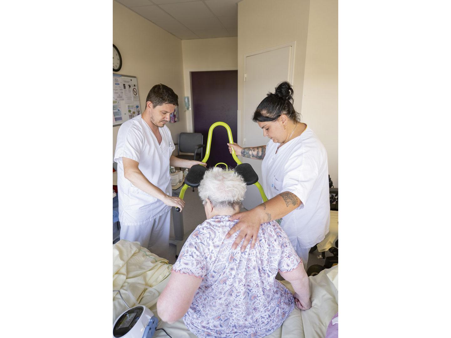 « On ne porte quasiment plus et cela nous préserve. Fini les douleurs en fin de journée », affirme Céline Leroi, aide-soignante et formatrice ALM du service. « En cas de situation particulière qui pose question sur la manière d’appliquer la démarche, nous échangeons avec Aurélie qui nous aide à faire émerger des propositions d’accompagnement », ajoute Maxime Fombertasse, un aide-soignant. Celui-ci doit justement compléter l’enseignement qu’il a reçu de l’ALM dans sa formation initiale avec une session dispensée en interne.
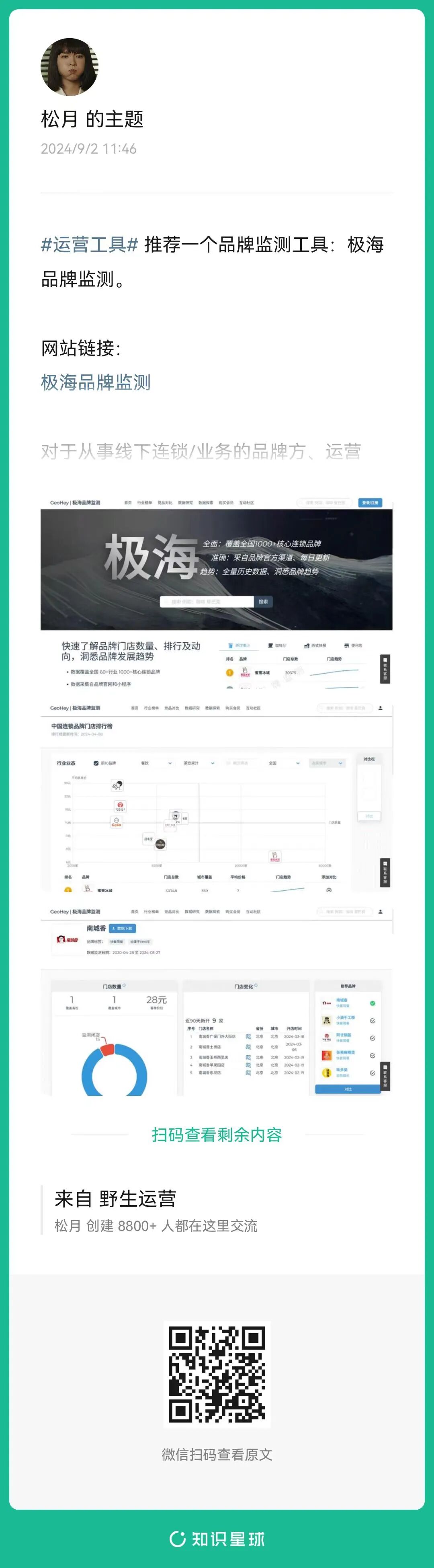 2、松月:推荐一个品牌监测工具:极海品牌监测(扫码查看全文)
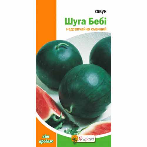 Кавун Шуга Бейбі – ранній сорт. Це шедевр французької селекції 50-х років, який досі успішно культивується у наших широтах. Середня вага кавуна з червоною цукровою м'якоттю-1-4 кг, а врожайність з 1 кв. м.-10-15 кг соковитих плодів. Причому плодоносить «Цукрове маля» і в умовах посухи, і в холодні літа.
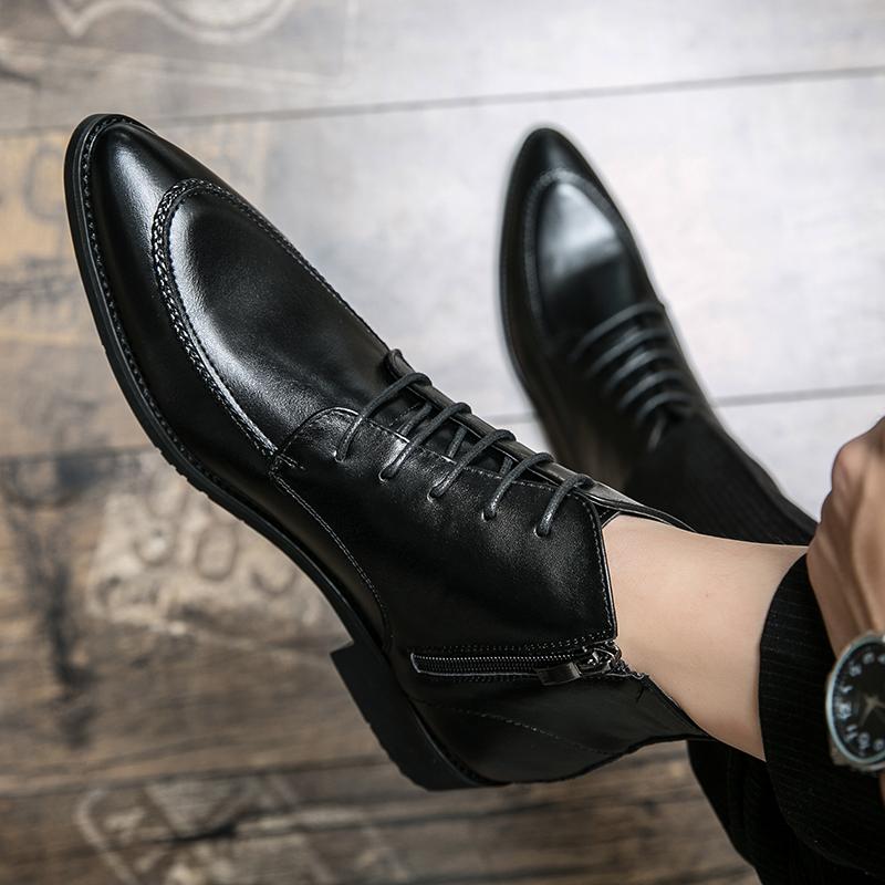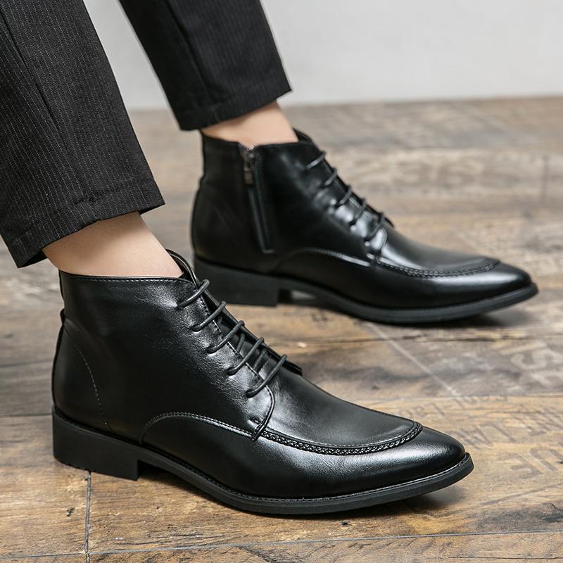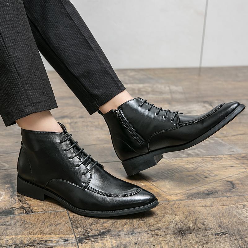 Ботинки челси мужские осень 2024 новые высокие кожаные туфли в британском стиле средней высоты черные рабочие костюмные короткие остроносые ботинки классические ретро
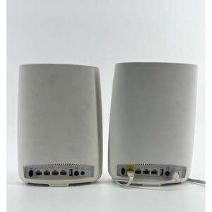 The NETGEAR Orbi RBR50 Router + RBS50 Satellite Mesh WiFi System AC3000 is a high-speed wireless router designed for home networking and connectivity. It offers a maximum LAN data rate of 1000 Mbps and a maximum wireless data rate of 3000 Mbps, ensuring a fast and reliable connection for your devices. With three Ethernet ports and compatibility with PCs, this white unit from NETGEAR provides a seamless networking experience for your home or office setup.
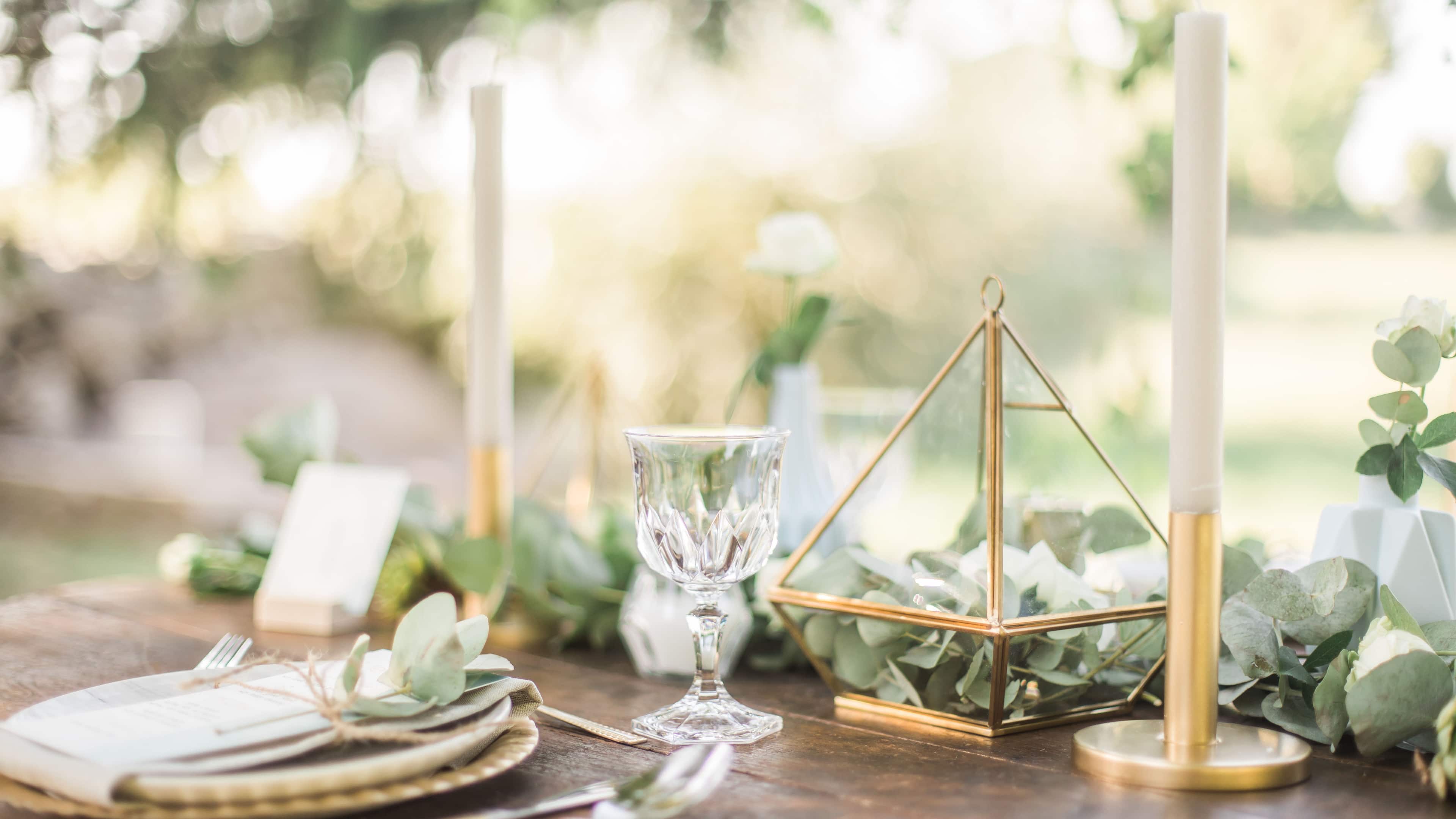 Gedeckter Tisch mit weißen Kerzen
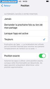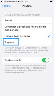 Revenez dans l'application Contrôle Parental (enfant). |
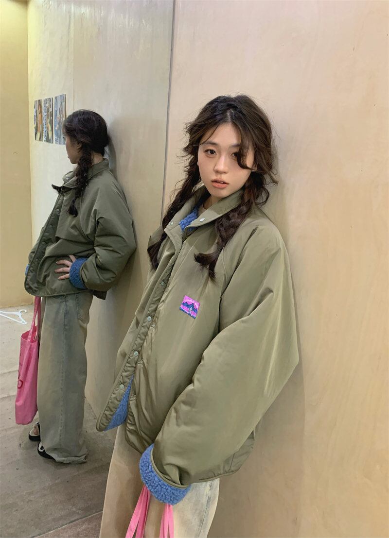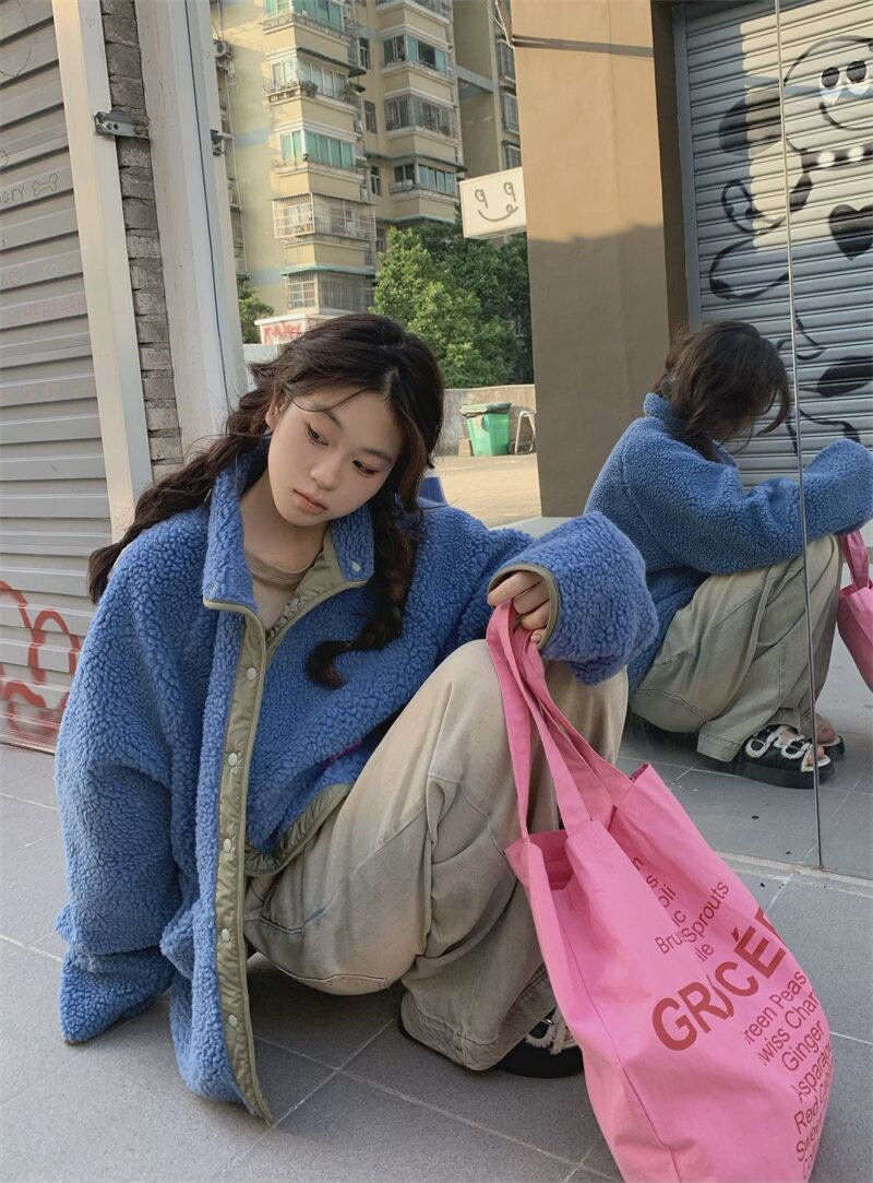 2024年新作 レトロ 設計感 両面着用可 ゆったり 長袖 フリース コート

┄┄┄┄┄┄┄┄┄┄

Task statement. No pictures belong in the output. It should reproduce exactly the lines from the one containing "Ботинки челси мужские" through the end of the data, both ends included.

Answer to this task.
 Ботинки челси мужские осень 2024 новые высокие кожаные туфли в британском стиле средней высоты черные рабочие костюмные короткие остроносые ботинки классические ретро
 The NETGEAR Orbi RBR50 Router + RBS50 Satellite Mesh WiFi System AC3000 is a high-speed wireless router designed for home networking and connectivity. It offers a maximum LAN data rate of 1000 Mbps and a maximum wireless data rate of 3000 Mbps, ensuring a fast and reliable connection for your devices. With three Ethernet ports and compatibility with PCs, this white unit from NETGEAR provides a seamless networking experience for your home or office setup.
 Gedeckter Tisch mit weißen Kerzen
 Revenez dans l'application Contrôle Parental (enfant). |
 2024年新作 レトロ 設計感 両面着用可 ゆったり 長袖 フリース コート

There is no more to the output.